November 16, 2011 at 3:30 am
Hi,
I am trying to 'tune' one of our applications housekeeping scripts, which runs against dozens of database tables every night. The details of the tables to be maintained are stored in a master table with the names, number of days data to be kept, and a 'flag' (there are other fields, but they don't seem to be referenced by the query).
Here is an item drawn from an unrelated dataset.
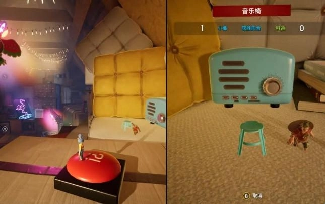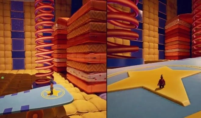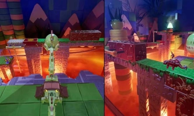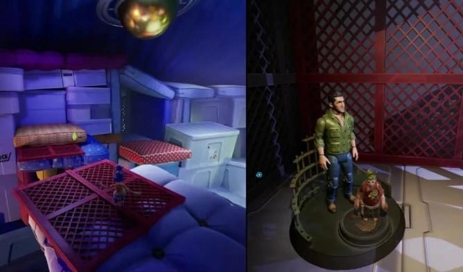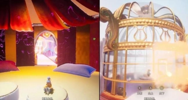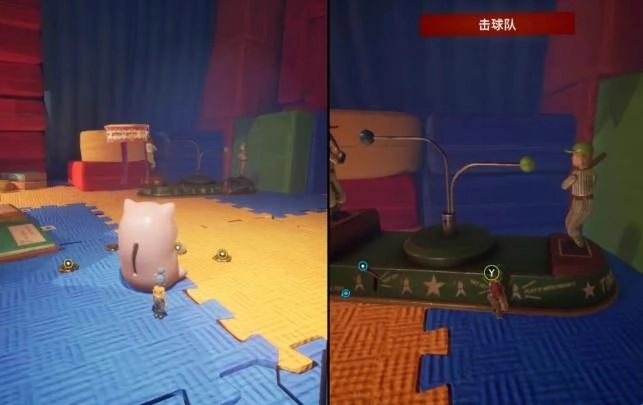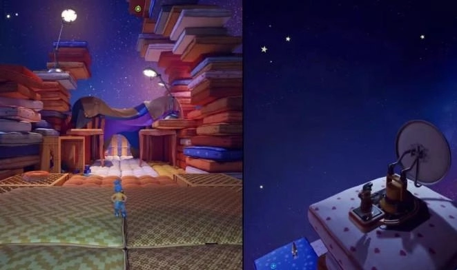 穿过星型灯和手电筒后,跳上手电筒右边的枕头平台进入左手边房间,里面有两雕像,同时踩下,两名玩家同时解锁成就

Each night, a stored procedure runs that deletes data from each of the tables listed in the master table, based on the number-of-days-data-to-be-kept column, and whether the flag columns has the right value in it.
This is my attempted re-hash of the original procedure (which I've attached to try and keep the length of the post down):
USE [mydb]
GO
/****** Object: StoredProcedure [dbo].[USP_DeleteFromStoreTables] Script Date: 11/15/2011 12:02:28 ******/
SET ANSI_NULLS ON
GO
SET QUOTED_IDENTIFIER ON
GO
ALTER PROCEDURE [dbo].[USP_Housekeeping]
AS
SET NOCOUNT ON
DECLARE @TableName VARCHAR(100), @TableOwner VARCHAR(20), @DateColumn VARCHAR(50), @sql VARCHAR(1000), @DaysStored VARCHAR(100)
DECLARE @IDINT
DECLARE @MaxIDINT
DECLARE @dbNameNVARCHAR(50)
DECLARE @ICNTINT
SELECT ROW_NUMBER() OVER(ORDER BY [TableName]) as [ID],
st.TABLE_SCHEMA,
st.TABLE_NAME,
CONVERT(VARCHAR(50), DATEADD(DD,'-' + t.DaysStored, GETDATE()),102) AS DaysStored,
T.DateColumn
INTO #Store_Duration
FROM dbo.MASTERSTORE T
INNER JOIN INFORMATION_SCHEMA.TABLES st ON T.TableName = st.TABLE_NAME
WHERE st.TABLE_NAME = T.TableName
SELECT @MaxID = COUNT(ID) FROM #Store_Duration
SET @ICNT = 1
WHILE @ICNT <= @MaxID
BEGIN
SELECT @Tableowner = [TABLE_SCHEMA], @TableName = [TABLE_NAME], @DaysStored = [DaysStored], @DateColumn = [DateColumn]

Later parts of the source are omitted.